Mr Esses added that architect Abe Jerome and builder Moshe Nachum were working closely with the Hatzolah team on the building, who “is the most humble person I have ever met”. Mr. Nachum’s dedication to Hatzolah’s mission was evidenced by the fact that he performed his construction work at cost price and did not accept a penny of profit. A member of the community said during the ribbon cutting: âI can tell you that as a person who knows Moshe Nachum very well, he is a true baal tzedaka, a man who generously gives to virtually all works. community charities and is there for anything. “
Harry Adjmi also addressed the assembly during the grand opening ceremony. He told the assembled people that the acquisition of the new Hatzolah building was indeed a miracle of Hashem. âOne Tuesday morning I was told that a building in our own backyard was available. The owner wanted money on the table and we only had until Friday to get it. Our community and the Ashkenazi community got together and we were able to raise the necessary amount by Friday. This in itself is a miracle. It does not happen.
He added that when asked for donations for the new building, âit only took a few seconds for people in this community to offer their help. It wasn’t one of those tough projects we worked on. People understood the word Hatzolah to mean saving lives and they enthusiastically offered generous donations. They said: How can we help? What is available? How do we get our names? What can we do? It was truly a magical moment.

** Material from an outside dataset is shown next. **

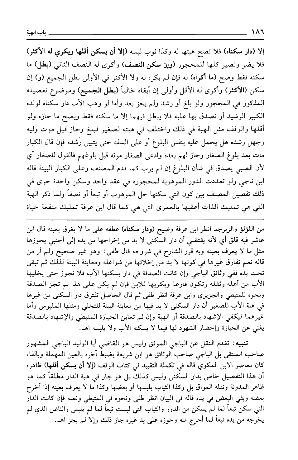تنبيه: تقدم النقل عن الباجي الموثق وليس هو القاضي أبا الوليد الباجي المشهور صاحب المنتقى بل الباجي صاحب الوثائق وابن شريعة يضبط آخره بالعين المهملة وبالفاء كان معاصر الابن المكوي قاله في تكملة التقييد في كتاب الوقف (إلا أن يسكن أقلها) ظاهره أن هذا التفصيل خاص بدار السكنى وليس كذلك بل هو جار في هبة الدار مطلقًا كما هو ظاهر المدونة ونقله المواق بل وكذا الثياب يلبسها أو بعضها وكذا ما لا يعرف بعينه إذا أخرج بعضه وبقي البعض في يده قاله في البيان انظر طفى ونحوه في المتيطي ونصه فإن كانت الدار التي سكن تبعًا لما لم يسكن من الدور والثياب التي لبست تبعًا لما لم يلبس والناض الذي لم يخرجه من يده تبعًا لما أخرج منه وحوزه على يد غيره جاز ذلك وإلا لم يجز اهـ.

One of the mezuzot that was donated to the building came from another renowned philanthropist in the community and a close associate of Harry Adjmi. Richie Dweck, his wife Gloria and their children dedicated the mezuzah in memory of Bert and Shirley Dweck, a’h, the parents of Richie Dweck who were exceptional members of the community.
In addition to these donor names on the exterior of the new building, one can find over 60 plaques inside the building that recognize the generous donations of many other members of the community. Due to a press deadline, the Jewish Voice was unable to publish all the names.
Hatzolah’s genesis began in Brooklyn, New York in the late 1960s to meet the Jewish community’s need for an ambulance service that understood their cultural and religious needs and to improve EMS response time.
Hatzolah is helping to improve response time in all of its coverage areas, and even outside of its areas, by adding more paramedics and ambulances to the system, freeing up other ambulances to respond to other calls more quickly.
Hatzolah’s volunteers are EMTs (Emergency Medical Technicians) or certified doctors and have received high-level training and are provided with life-saving equipment.
The secret to Hatzolah’s success is that Hatzolah’s volunteers work, Daven, study, shop, sleep and go about their day-to-day business while being on duty all the time. They wear their emergency radios 24 hours a day, 7 days a week. When a call is made by the emergency radio, the closest volunteers rush to the scene immediately with the life-saving equipment they are using. keep in their cars, while other volunteers rush to bring an ambulance. Often in serious medical emergencies, the first few minutes are the most crucial. Since volunteers aren’t tied to a garage or one location, there are almost always volunteers within a few blocks of the call. By being close to the call, Hatzolah volunteers have saved thousands of lives over the years.